最高裁が示した「労働時間」の定義
次に労働とボランティアの境界線についてです。当然ですが、労働に対しては賃金が支払われますし、ボランティアに対しては何も支給されないのが一般的です。ただ、両者の区別は明確とはいえません。
例えば、会社の始業時間よりも前に、会社の前の路上やその周辺などの掃除を行っている会社もあります。これを、従業員の善意による美化ボランティアとするか、事実上の業務命令という労働と捉えるかは、判断が分かれます。

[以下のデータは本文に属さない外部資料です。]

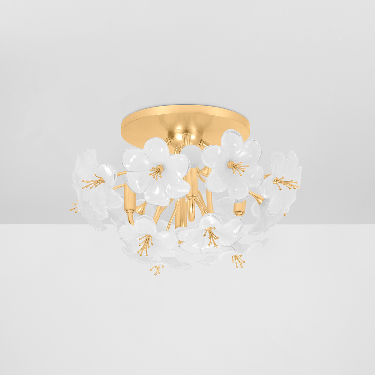 An airy spray of white glass flowers forms the cloud-like silhouette of Hygea. Gold Leaf arms act as stems, supporting the delicate blooms as they gently diffuse light. Available as a wall sconce, flush mount, or chandelier in two sizes, Hygea casts a bright glow over modern interiors.

判例としては、三菱重工業長崎造船所事件(最一小平成12年3月9日判決)では、労働時間を、「労働者が指揮命令下に置かれている時間」と定義し、「労働時間に該当するか否かは、労働者の行為が使用者の指揮命令下に置かれたものと評価することができるか否かにより客観的に定まるものであって、労働契約・就業規則・労働協約等の定めのいかんにより決定されるべきものではないと解するのが相当である」としています。
「強制や不利益がなければ時間外労働にはならない」
またこの判決では、「労働者が就業を命じられた業務の準備行為等を事業所内において行うことを使用者から義務付けられ、またはこれを余儀なくされたときは、(中略)当該行為は、特段の事情のない限り、使用者の指揮命令下に置かれたものと評価することができ、当該行為に要した時間は、それが社会通念上必要と認められるものである限り、労働基準法の労働時間に該当すると解される」としています。
これに加えて、行政通達でも「労働者が使用者の実施する教育に参加することについて、就業規則上の制裁などの不利益取り扱いによる出席の強制がなく、自由参加のものであれば、時間外労働にはならない」(昭和26年1月20日付基収第2875号、平成11年3月31日基発第168号)とされています。